Raw data START
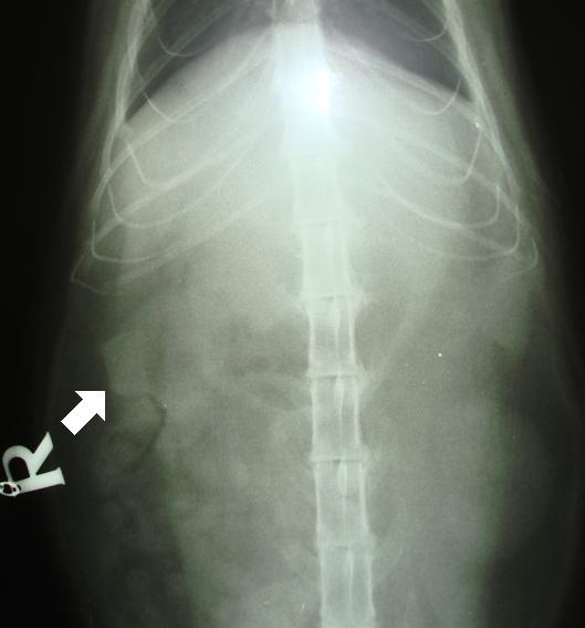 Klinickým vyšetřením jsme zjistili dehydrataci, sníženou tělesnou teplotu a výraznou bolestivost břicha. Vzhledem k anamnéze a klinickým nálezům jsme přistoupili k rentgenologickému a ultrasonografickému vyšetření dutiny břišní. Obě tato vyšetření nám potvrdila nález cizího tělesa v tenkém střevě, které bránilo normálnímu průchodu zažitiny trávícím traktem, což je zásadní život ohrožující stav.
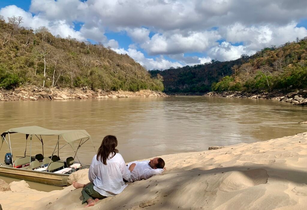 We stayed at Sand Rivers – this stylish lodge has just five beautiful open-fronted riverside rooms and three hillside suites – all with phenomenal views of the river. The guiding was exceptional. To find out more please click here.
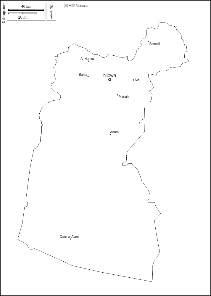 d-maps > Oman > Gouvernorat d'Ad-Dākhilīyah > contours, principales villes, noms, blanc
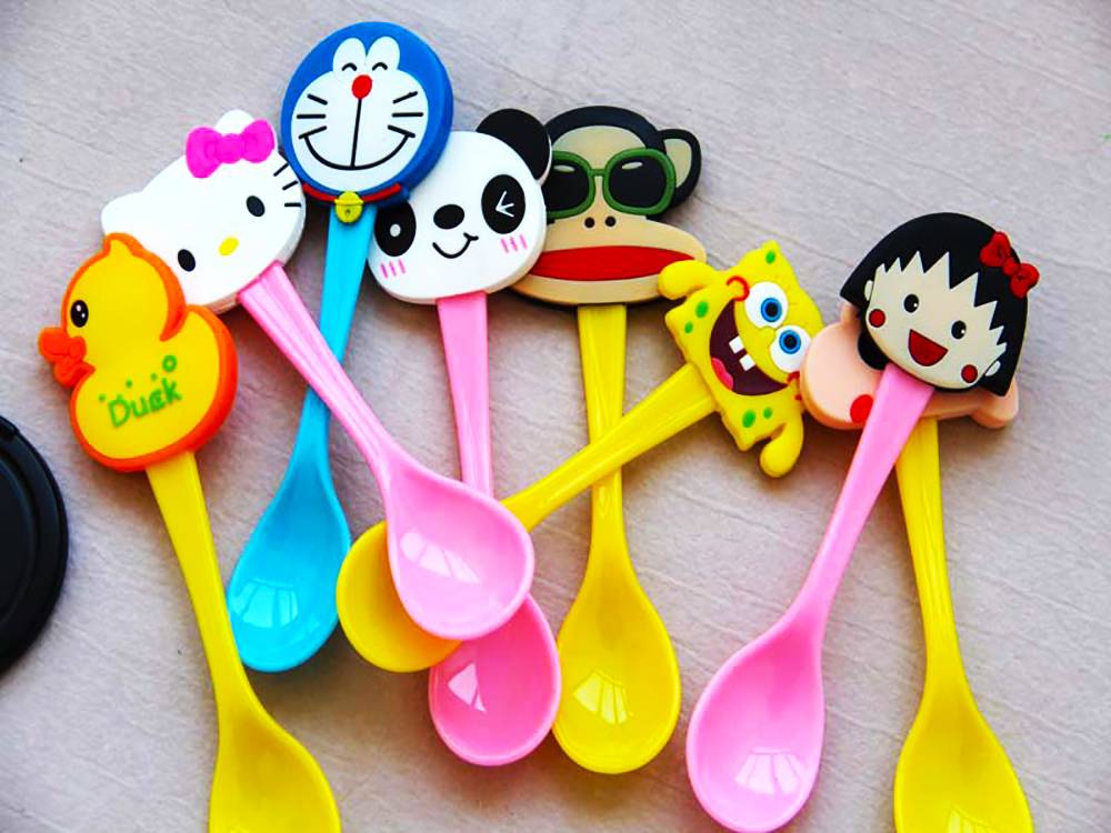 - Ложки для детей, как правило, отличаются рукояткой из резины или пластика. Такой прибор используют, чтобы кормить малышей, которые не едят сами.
Raw data END
Repeat, exactly and in full, all the material above except its pictures.

● Solution to this problem
 Klinickým vyšetřením jsme zjistili dehydrataci, sníženou tělesnou teplotu a výraznou bolestivost břicha. Vzhledem k anamnéze a klinickým nálezům jsme přistoupili k rentgenologickému a ultrasonografickému vyšetření dutiny břišní. Obě tato vyšetření nám potvrdila nález cizího tělesa v tenkém střevě, které bránilo normálnímu průchodu zažitiny trávícím traktem, což je zásadní život ohrožující stav.
 We stayed at Sand Rivers – this stylish lodge has just five beautiful open-fronted riverside rooms and three hillside suites – all with phenomenal views of the river. The guiding was exceptional. To find out more please click here.
 d-maps > Oman > Gouvernorat d'Ad-Dākhilīyah > contours, principales villes, noms, blanc
 - Ложки для детей, как правило, отличаются рукояткой из резины или пластика. Такой прибор используют, чтобы кормить малышей, которые не едят сами.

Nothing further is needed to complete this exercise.